Bread and Chocolate and the Keystone Arches – ingenuity at its finest.  

©2013 T.W. Barritt All Rights Reserved

Sunday, April 07, 2013

Bread and Chocolate


Is food sensual or simply sustenance?  

In the case of fresh baked bread, sustenance imagery goes back to biblical times.  But, the connection between bread and sensuality is unmistakable – the tactile experience of kneading the smooth elastic dough, and the intoxicating, uplifting aroma of warm yeast.  The bread comes alive and its living essence dances in the air.  

But, suppose commonplace bread were merged with something a little dark and alluring?  The seeds of temptation were sown recently when my friend Laura Luciano wrote in her wonderful blog out east foodie about the chocolate bread sold at the Blue Duck Bakery Café in Riverhead, Long Island.  

I’d never heard of chocolate bread.   I couldn’t get the idea out of my mind – a delicious touch of decadence folded into our daily bread.  It quickly became an obsession. With nary enough time for a field trip to Riverhead, I opt for the do-it-yourself approach and troll the Internet for ideas.   I land on this recipe.   It’s not exactly in the artisan style of the Blue Duck, but it’s a good starter recipe that will allow me to learn the method and see how the ingredients and flavors mesh together.  

The recipe is much like a traditional yeast bread loaf, with the addition of cocoa powder and semi-sweet baking chips that are melted in a saucepan with milk and butter.  
The initial, shaggy dough is streaky with flecks of cocoa.  
A few minutes of focused kneading results in a ball of dough that is rich chocolate brown. 
After two rises, the dough is split between two loaf pans and baked for about thirty minutes.  
The house is filled with the aroma of warm brownies laced with yeast. 
Unlike an intensely sweet chocolate dessert, the flavors are far subtler.  I can taste the essence of chocolate, without the dizzying sugar high.  The bread is really quite beautiful in its dark simplicity.  
So when to eat this alluring bread?    Breakfast?  Lunch?

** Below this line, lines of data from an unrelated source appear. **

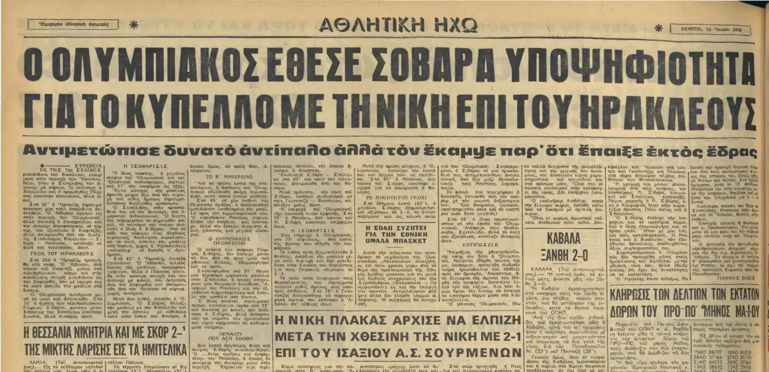 | ΗΡΑΚΛΗΣ – ΟΛΥΜΠΙΑΚΟΣ 2-3 |
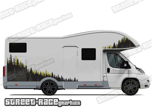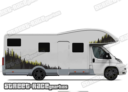 Motorhome graphics kits. These are ideal for giving your existing motorhome a new look or to finish off a restoration project. Shown on a compact 6m van on the first picture. We can also make them to suit the larger 7m and 7.5m vans (shown the second and third pictures) – choose the wheelbase length of your motorhome from the drop-down menus.
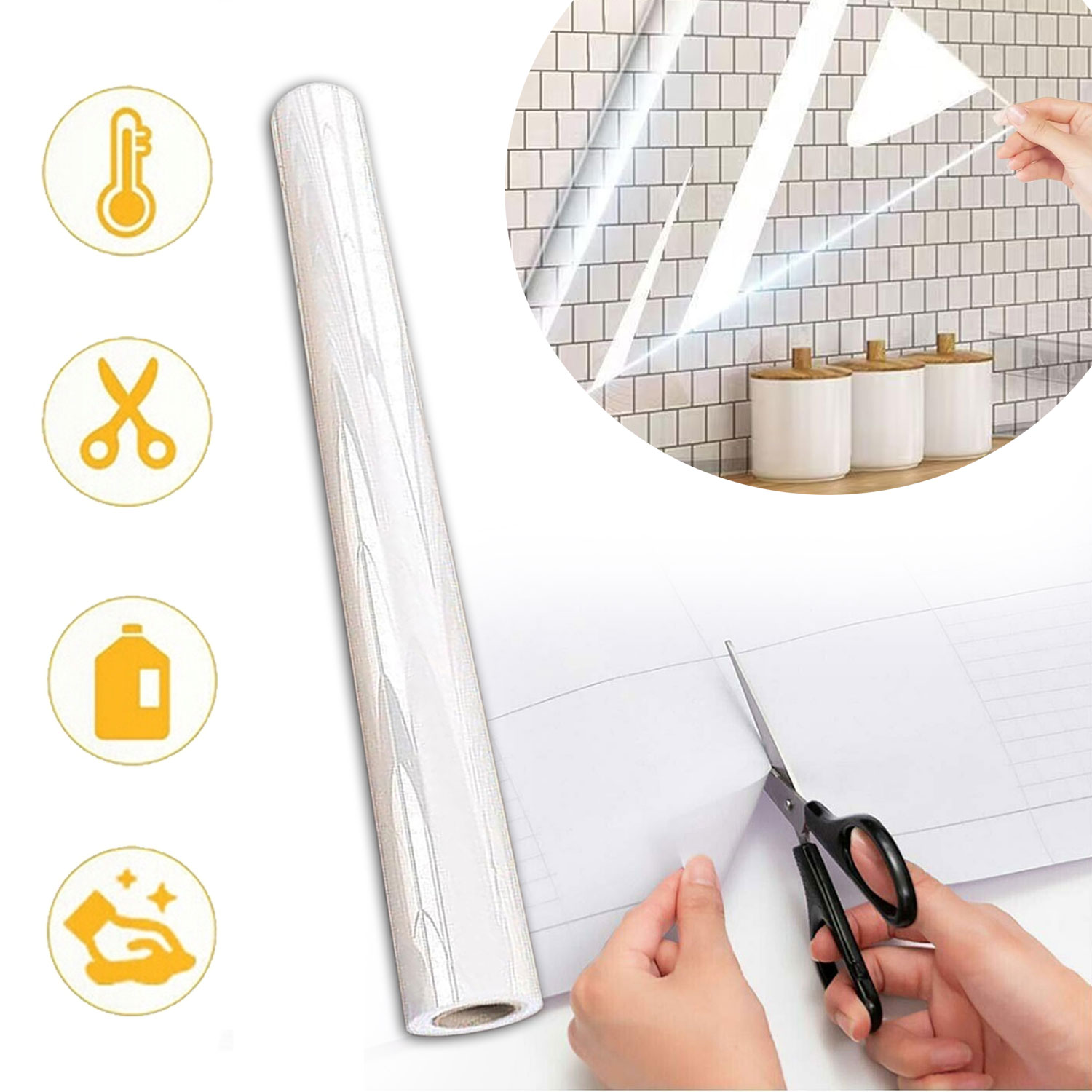 🔥🔥🔥 【Водонепроницаемый и маслостойкий материал】 Прозрачная клейкая пленка изготовлена из высококачественного ПЭТ-материала, который тщательно обработан и имеет гладкую поверхность. Самоклеящиеся мебельные пленки водонепроницаемы, маслостойки, влагонепроницаемы, брызгозащищены и грязеотталкивающие.
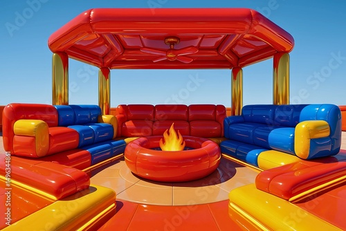 Colorful Inflatable Lounge Area with Fire Pit and Gladiator Theme
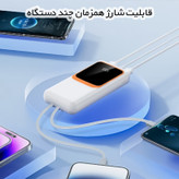مشخصات فنی : برند معتبر PZX - ظرفیت 20هزار میلی آمپر ساعت - پشتیبانی از شارژ سریع 22.5 وات - فناوری شارژ PD - دارای 2 درگاه USB - دارای یک درگاه Type C - دارای دو کابل متصل
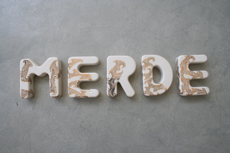 GABRIEL RICO, Merde, 2012, Ceramic and 24-karat gold and platinum paint, 120 x 20 x 6 cm / 47.2 x 7.8 x 2.3 inches, Edition: unique (from a series of 6 unique works)

Afternoon tea?   I yield to temptation, drizzle a slice with some local honey and don’t even wait for an official meal.  
©2013 T.W. Barritt All Rights Reserved

Sunday, February 10, 2013

A Blizzard, a Couple of Entrepreneurs and Honey Whole Wheat Oatmeal Bread


Some days are just made for baking bread – the morning after winter storm Nemo made his exit, for example.  


Yes, while my neighbors were digging out, I was kneading bread.    Here’s why.
While the Weather Channel was trumpeting the arrival of Nemo, I was wishing hard – wishing that I would get a call from “Jim and Nick Snow Removal.”   Five years ago, just prior to another threatening storm, Jim and Nick left a leaflet in my windshield at the train station.  They were probably just entering junior high school at the time, and I admired their entrepreneurial spirit.  The storm was as bad as predicted and I called them.   They arrived with a SWAT team of workers and in about 30 minutes, they’d disposed of mountains of snow.  

Now, whenever the snow prediction is dire, I get a phone call, and soon after, Jim and Nick arrive.   I fear at some point they’ll go off to college, but so far, their record is impeccable.   Once again, my wish was granted.  This time, it was Jim and Matt.   Like most great business partnerships, perhaps Nick has moved on, but his name remains part of the marquee service.
Sure they’re a little pricey, but I gladly pay it.  Jim and Nick (and Matt) are worth it.  They wrapped the job in about 40 minutes.  It would have taken me at least three hours.  They saved my aching bones, and I feel that I’m contributing to the future success of a team of enterprising young businessmen.  

And, I get to bake bread, which is one of the best things in life – Honey Whole Wheat Oatmeal Bread, which will probably be spread with a dollop of apple butter prepared at a recent Restoration Farm canning workshop. 

Even the brilliant red cardinal, shivering atop my back yard tree was happy as Jim and Nick (and Matt) did their magic, bread was baking in the oven and Nemo made his dramatic exit.